| Work to complete |
A full, word-for-word copy of the listing below is needed; leave the images out of it.

| Dataset extract |
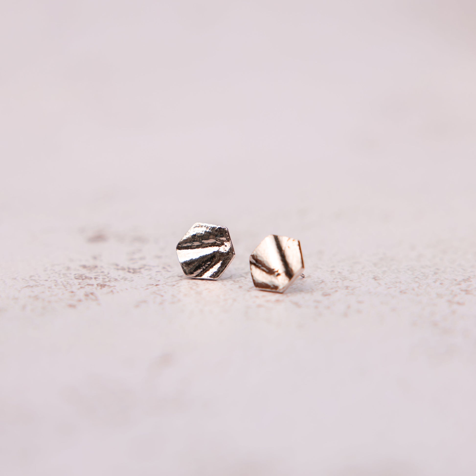 These silver studs allow you to carry a piece of the natural world with you wherever you go. Each piece is one of a kind due to the unique impression process. The organic pattern is textured with Dall sheep horn, caribou antler, spruce bough, elk antler, wood knot, or willow bud.
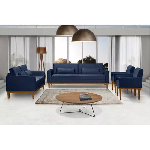Sofá Living 3 e 2 Lugares Valência - 2,20/1,58mts + 02 Poltronas C/ Base Madeira - Veludo Azul - Azul Petróleo
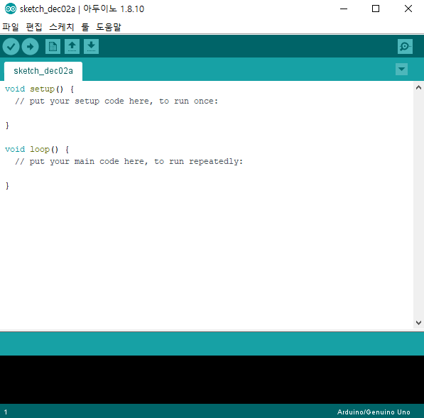 설치가 완료된 이후에 아두이노(Arduino) IDE를 실행해 보면, 다음과 같이 소스코드 에디터(Editor) 화면을 볼 수 있습니다.

| Final answer |
 These silver studs allow you to carry a piece of the natural world with you wherever you go. Each piece is one of a kind due to the unique impression process. The organic pattern is textured with Dall sheep horn, caribou antler, spruce bough, elk antler, wood knot, or willow bud.
Sofá Living 3 e 2 Lugares Valência - 2,20/1,58mts + 02 Poltronas C/ Base Madeira - Veludo Azul - Azul Petróleo
 설치가 완료된 이후에 아두이노(Arduino) IDE를 실행해 보면, 다음과 같이 소스코드 에디터(Editor) 화면을 볼 수 있습니다.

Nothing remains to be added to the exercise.